Dataset
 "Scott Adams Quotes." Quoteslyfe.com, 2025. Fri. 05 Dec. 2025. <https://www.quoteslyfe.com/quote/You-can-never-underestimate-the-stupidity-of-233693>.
---
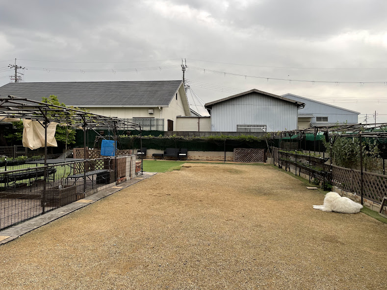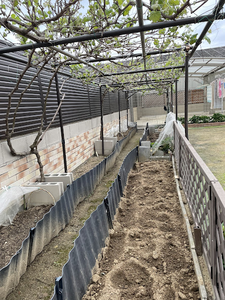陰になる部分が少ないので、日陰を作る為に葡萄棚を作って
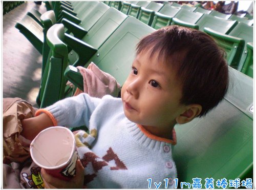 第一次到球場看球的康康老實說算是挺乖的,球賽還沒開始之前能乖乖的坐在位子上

About this exercise
Out of the records above, please copy exactly the lines from the line with "陰になる部分が少ないので、日陰を作る為に葡萄棚を作って" up to and including the line with "第一次到球場看球的康康老實說算是挺乖的,球賽還沒開始之前能乖乖的坐在位子上", minus the pictures.

Solution to the exercise
陰になる部分が少ないので、日陰を作る為に葡萄棚を作って
 第一次到球場看球的康康老實說算是挺乖的,球賽還沒開始之前能乖乖的坐在位子上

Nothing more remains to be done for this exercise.